Work order: Using the data below, set down every line from the one containing "Utilizing space from" through the one containing "Omaggio a Giuseppe", inclusive and unchanged. Pictures are to be skipped.

____ Extracted data

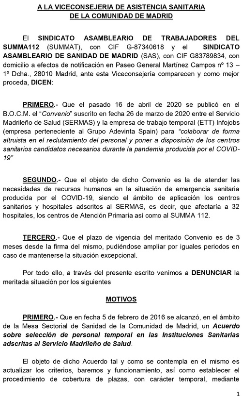 Por ese motivo, los sindicatos firmantes han presentado con fecha 27 de abril de 2020 denuncia de los hechos ante la Viceconsejería de Asistencia Sanitaria de la Comunidad de Madrid (Dirección General del Servicio Madrileño de Salud) solicitando que se deje sin efecto el Convenio suscrito entre el Convenio de 26 de marzo de 2020 entre la Comunidad de Madrid, a través del Servicio Madrileño de Salud e Infojobs; respetando el Acuerdo sobre selección de personal temporal en las Instituciones Sanitarias adscritas al Servicio Madrileño de Salud en base a los principios de igual, mérito, capacidad y publicidad.
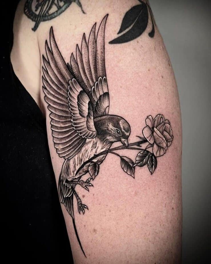 If you want to honor someone, a swallow carrying a rose feels intimate and deliberate. It’s a tender way to keep someone close.
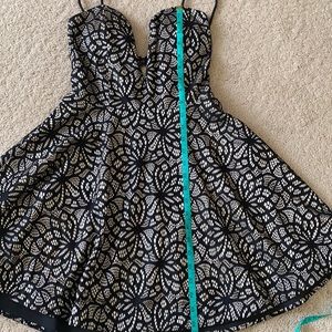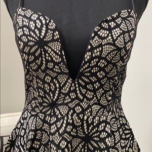 Black and Beige Dress - Plunge Front - Trac
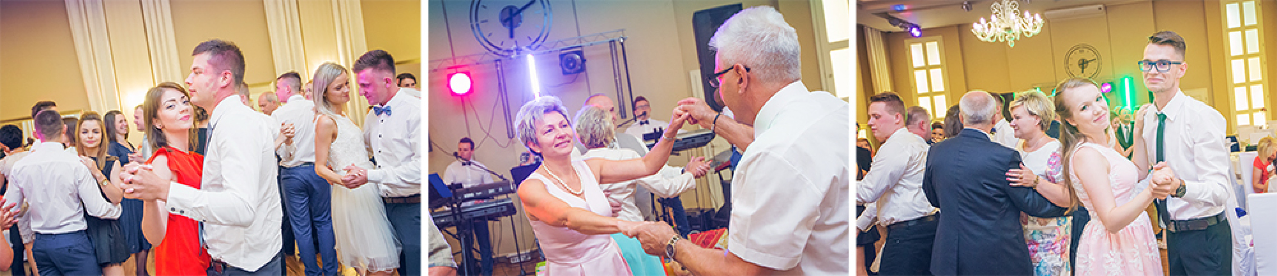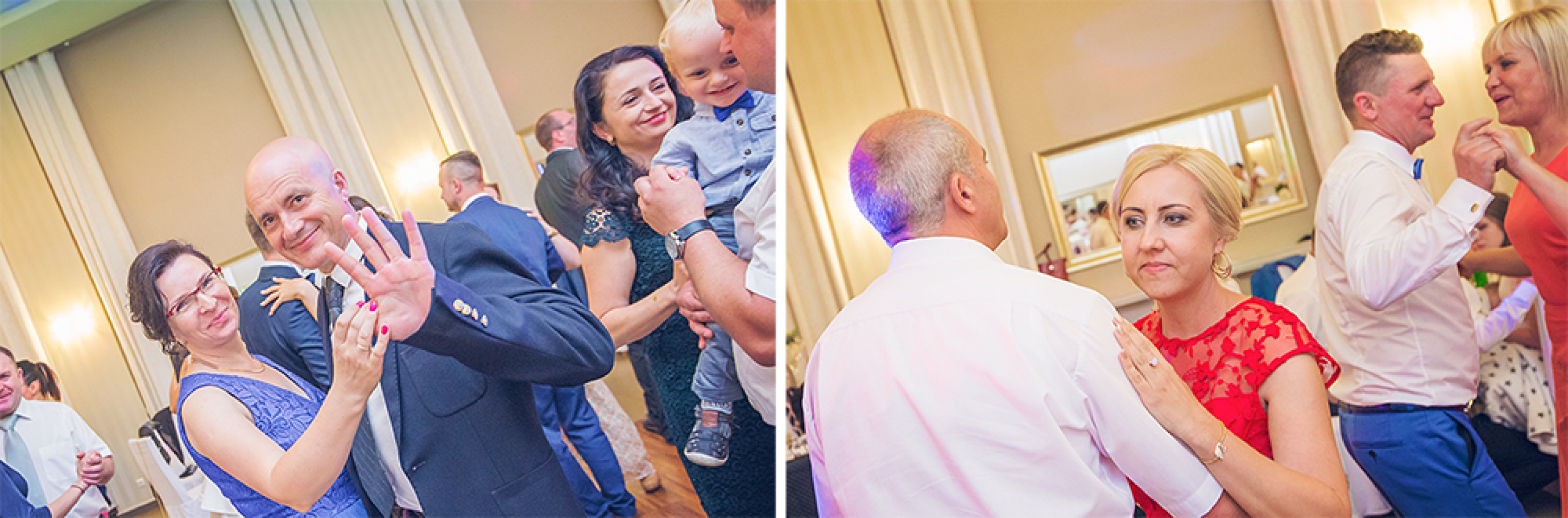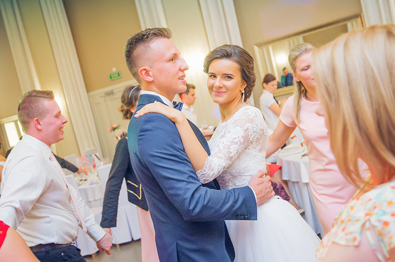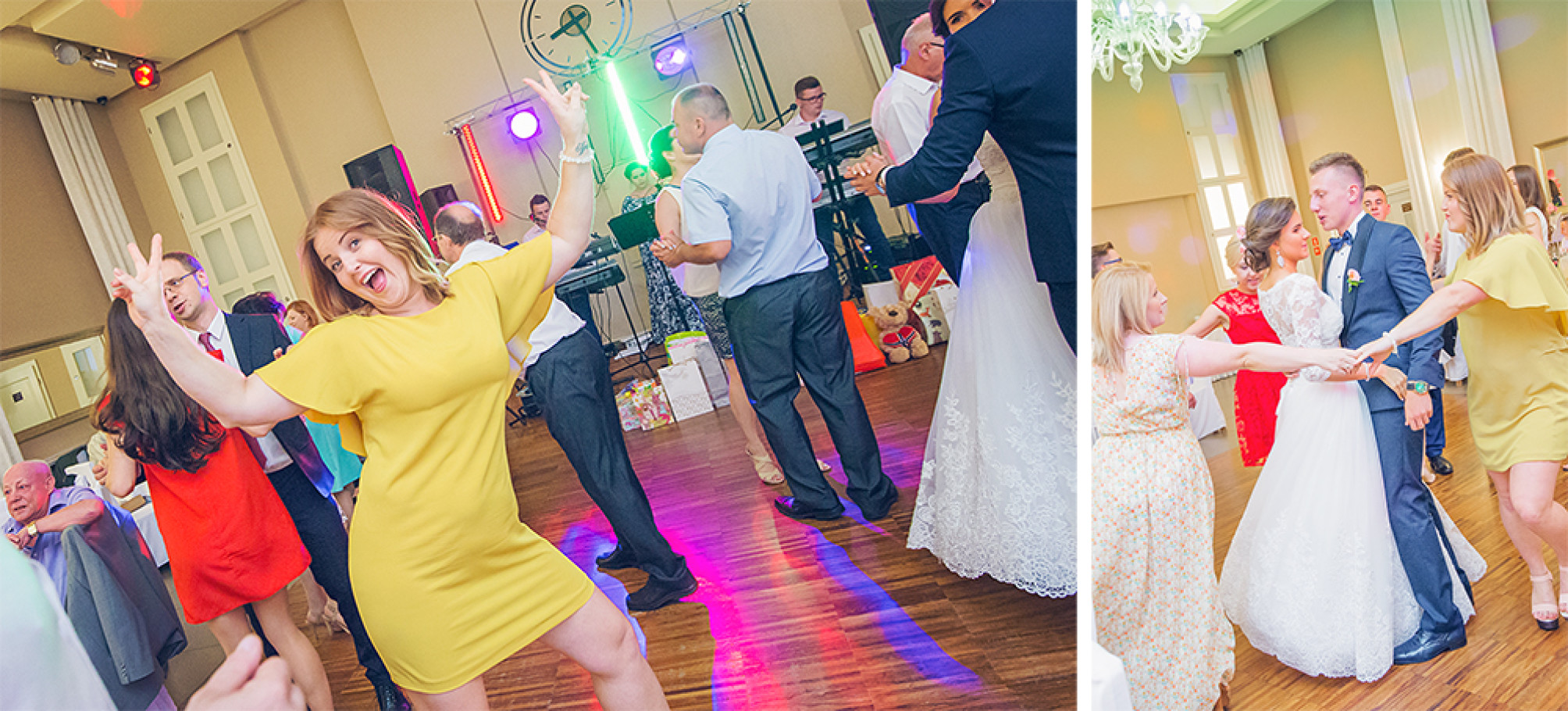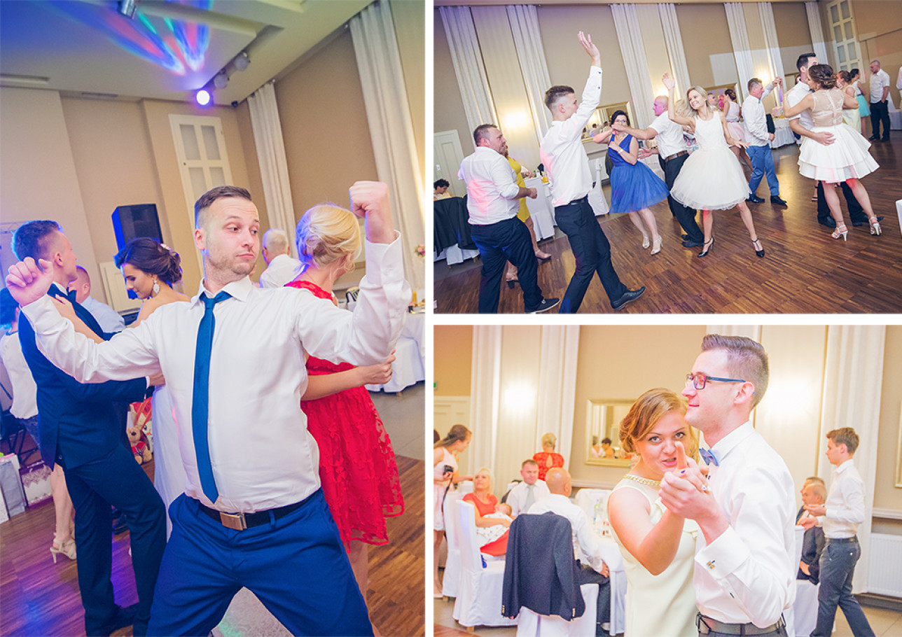 Powitanie na sali, życzenia, pierwszy taniec.  Uff… Młodzi mogą odetchnąć  :) Została już tylko zabawa.  Od tego momentu szukamy szalonych pląsów i niepowtarzalnych układów na parkiecie weselnym. Staramy się na  obrazku oddać atmosferę imprezy  i dynamikę zabawy.
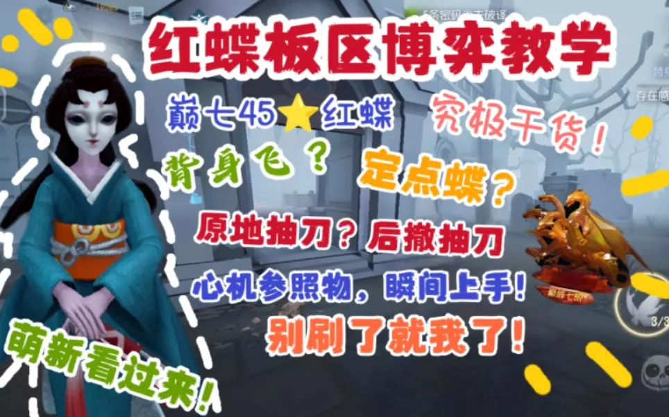 1.首先红蝶没那么吓人只要你会溜看见红蝶就会释然的笑出来 2.蝴蝶开局贴脸? 用蝴蝶赶路说明她追你的时候是没有蝴蝶的这时候你转进高墙就行 3.红蝶放蝶我们就捡,…
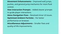 Auto Item Pickup – Items are now collected automatically for smoother gameplay. Movement Enhancements – Improved wall jumps, pushes, and general jump mechanics for more fluid control. New Interact...
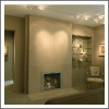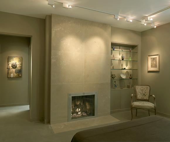 Utilizing space from the original living room in the existing house, the master bedroom is a study in serenity and restfulness. The fireplace, which was originally painted brick with a bulky wooden mantle, is now clad in slabs of St. Remy limestone to pair the space seamlessly with its en suite master bath, and the fireplace screen is fashioned of polished stainless steel which has a pattern surrounded by a bead blasted background. Low voltage track lights provide light for the paintings and antique glass collection displayed on open shelves of ½" glass. A platform bed with a deeply recessed base appears to float above the carpeted floor. The rear corners have been framed on a forty-five degree angle to enhance the intimacy of the space. French doors close off the suite from a library, which by another set of French doors can be opened to the public spaces of the house, or closed to create a private wing. |
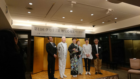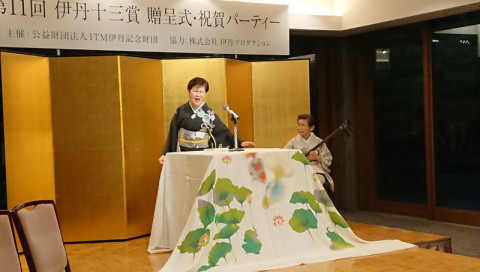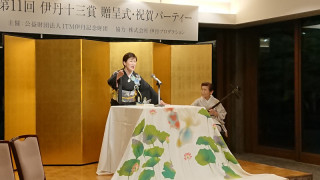 第11回伊丹十三賞! だいぶ前のことで、申し訳ありません。 先月4月26日、 第11回伊丹十三賞の贈呈式にうかがってきました。 今回の受賞者は、浪曲師の玉川奈々福さん! 受賞理由は 「現代の観客のこころを動かす語りの芸と、浪曲に新たな息を吹き込む卓越したプロデュース力に対して。」 そう書かれているとおり、浪曲師として自身の舞台を精力的にこなす他、様々な浪曲イベントを成功させている、たいへん人気の方です。 「ほぼ日」とのご縁としては、昨年、「ほぼ日の学校」の対談に登場してくださいました。 ※「出版社をやめて浪曲師になりました。」 玉川奈々福さんは、もともと、新潮社、筑摩書房とお勤めになっていた編集者で、志村ふくみ先生のご本などを担当されていたそうです。 そういったわけで、 「ほぼ日の学校」学校長の河野とも、旧知の仲。 みんなでお祝いにうかがったのでした。 奈々福さんが伊丹十三賞の受賞のことばをのべられる段になると、壇上には演台が登場! いつものように力強く、かつおもしろい浪曲を、曲師の沢村豊子師匠の三味線で唸ってくださいました。 玉川奈々福さん、おめでとうございます! (受賞コメントはこちら。 伊丹十三記念館による詳細なレポートはこちら。) ちなみに玉川奈々福さん、明後日の23日(木)、大阪で、こちらも「ほぼ日の学校」に登場してくださったことのある桂吉坊さんと、二人会をひらかれるそうです。 詳しくはこちらをご覧ください。 2019/05/21 20:24 |
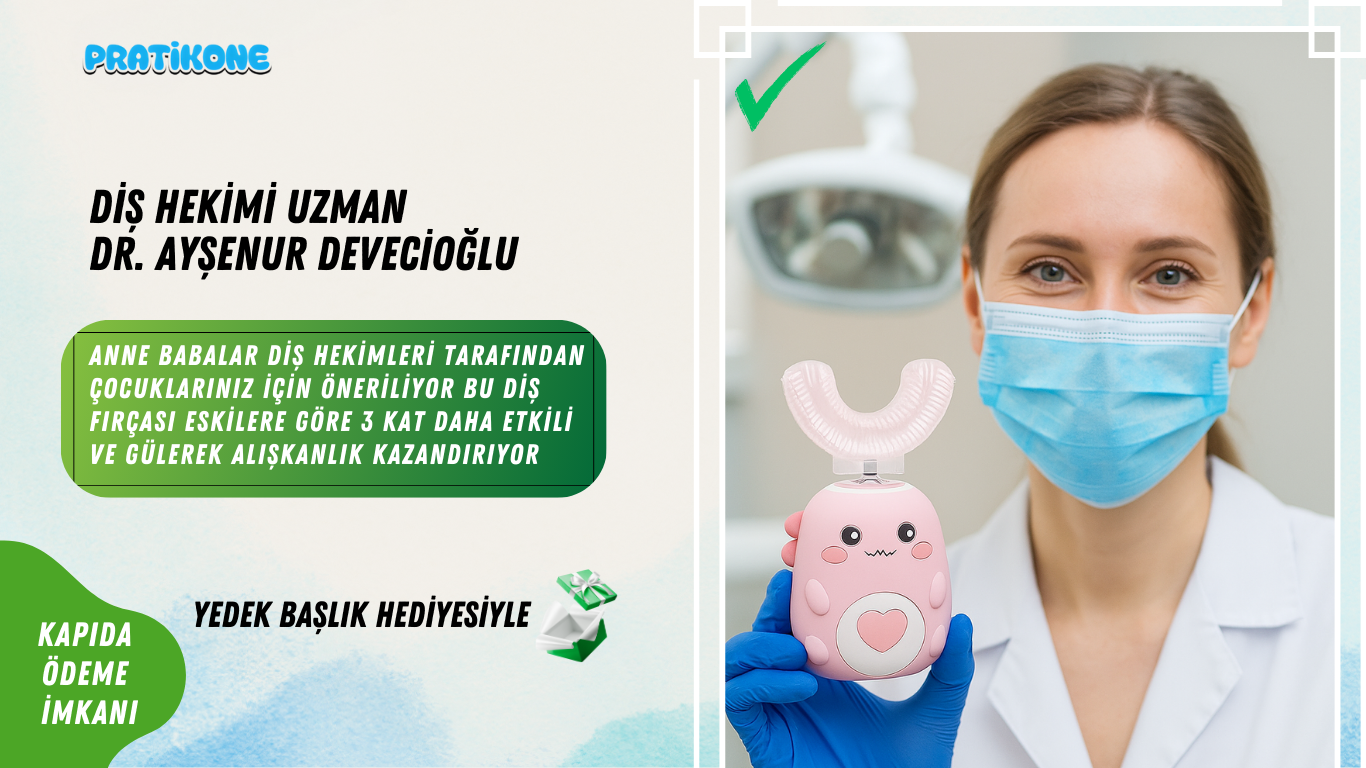 360 Derece U Şeklinde Şarjlı Çocuk Diş Fırçası
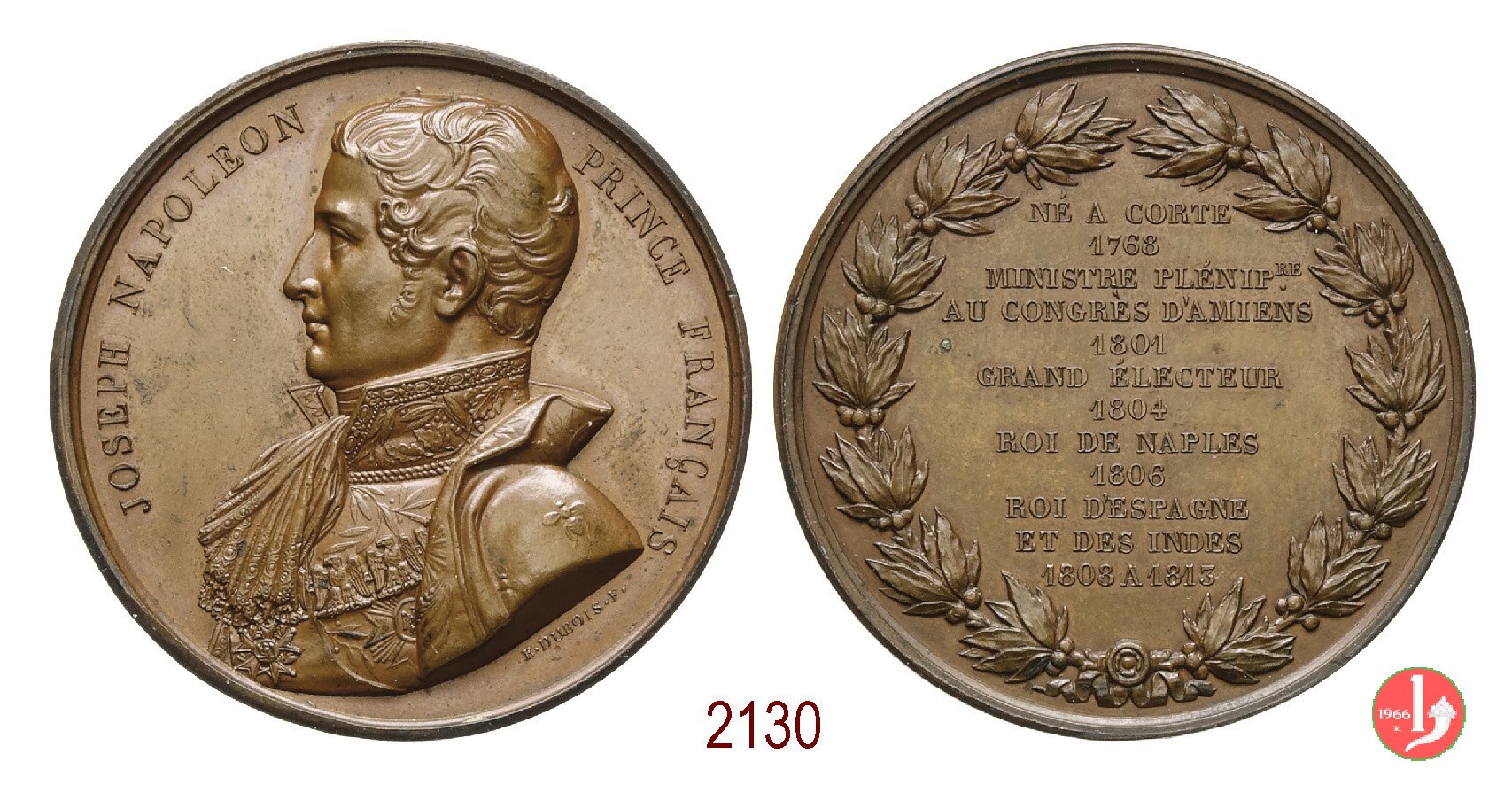 Omaggio a Giuseppe Napoleone -B1304 Dritto: JOSEPH NAPOLEON PRINCE FRANCAIS Busto a sx con collare della Legion d’Onore sotto: E • DUBOIS • F • | |
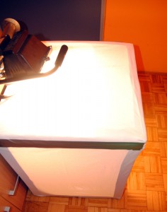 Kako boste namestili reflektor nad lightbox je vaša stvar. Za demonstracijo sem ga namestil na polico in ga pritrdil  nekaj lepilnega traku in ga obtežil. Lahko uporabite brezžične ali žične sprožilce za vaš fotoaparat in reflektor držite nad lightboxom, lahko si izdelate tudi stojalo za reflektor. Sam sem si naredil tudi stojalo, ki omogoča nastavitev višine reflektorja. Ker je zgornja stranica iz belega blaga, bo svetloba mehka in bo rezultat podoben kot pri softboxu.
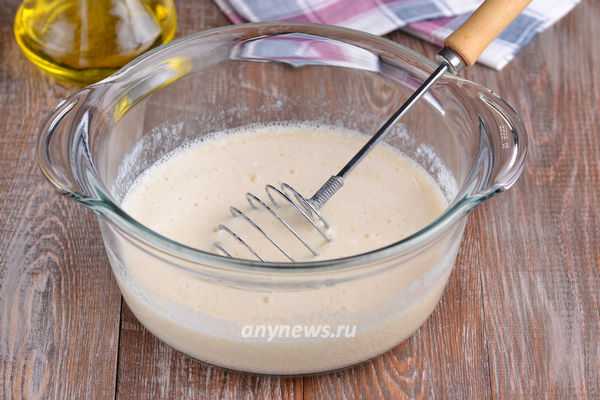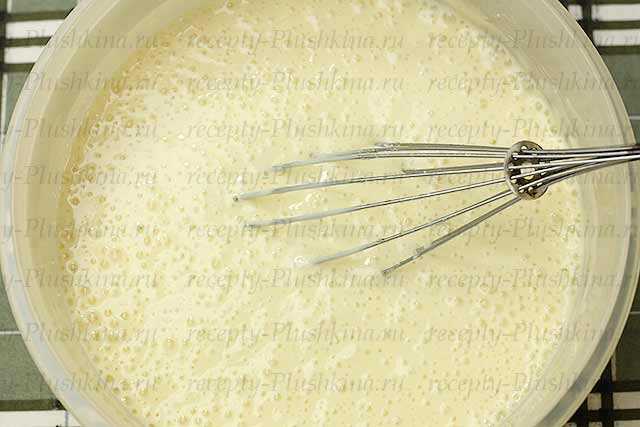Размешиваем. Теперь наблюдаем что происходит: через 1-2 минуты тесто наполнится пузырьками и увеличится в объеме раза в два, станет пышным. Вы почувствуете, что венчик в нем проворачивается легко, без усилий, консистенция будет густой, но рыхлой, воздушной.

________

Exercise output:
 Utilizing space from the original living room in the existing house, the master bedroom is a study in serenity and restfulness. The fireplace, which was originally painted brick with a bulky wooden mantle, is now clad in slabs of St. Remy limestone to pair the space seamlessly with its en suite master bath, and the fireplace screen is fashioned of polished stainless steel which has a pattern surrounded by a bead blasted background. Low voltage track lights provide light for the paintings and antique glass collection displayed on open shelves of ½" glass. A platform bed with a deeply recessed base appears to float above the carpeted floor. The rear corners have been framed on a forty-five degree angle to enhance the intimacy of the space. French doors close off the suite from a library, which by another set of French doors can be opened to the public spaces of the house, or closed to create a private wing. |
 第11回伊丹十三賞! だいぶ前のことで、申し訳ありません。 先月4月26日、 第11回伊丹十三賞の贈呈式にうかがってきました。 今回の受賞者は、浪曲師の玉川奈々福さん! 受賞理由は 「現代の観客のこころを動かす語りの芸と、浪曲に新たな息を吹き込む卓越したプロデュース力に対して。」 そう書かれているとおり、浪曲師として自身の舞台を精力的にこなす他、様々な浪曲イベントを成功させている、たいへん人気の方です。 「ほぼ日」とのご縁としては、昨年、「ほぼ日の学校」の対談に登場してくださいました。 ※「出版社をやめて浪曲師になりました。」 玉川奈々福さんは、もともと、新潮社、筑摩書房とお勤めになっていた編集者で、志村ふくみ先生のご本などを担当されていたそうです。 そういったわけで、 「ほぼ日の学校」学校長の河野とも、旧知の仲。 みんなでお祝いにうかがったのでした。 奈々福さんが伊丹十三賞の受賞のことばをのべられる段になると、壇上には演台が登場! いつものように力強く、かつおもしろい浪曲を、曲師の沢村豊子師匠の三味線で唸ってくださいました。 玉川奈々福さん、おめでとうございます! (受賞コメントはこちら。 伊丹十三記念館による詳細なレポートはこちら。) ちなみに玉川奈々福さん、明後日の23日(木)、大阪で、こちらも「ほぼ日の学校」に登場してくださったことのある桂吉坊さんと、二人会をひらかれるそうです。 詳しくはこちらをご覧ください。 2019/05/21 20:24 |
 360 Derece U Şeklinde Şarjlı Çocuk Diş Fırçası
 Omaggio a Giuseppe Napoleone -B1304 Dritto: JOSEPH NAPOLEON PRINCE FRANCAIS Busto a sx con collare della Legion d’Onore sotto: E • DUBOIS • F • | |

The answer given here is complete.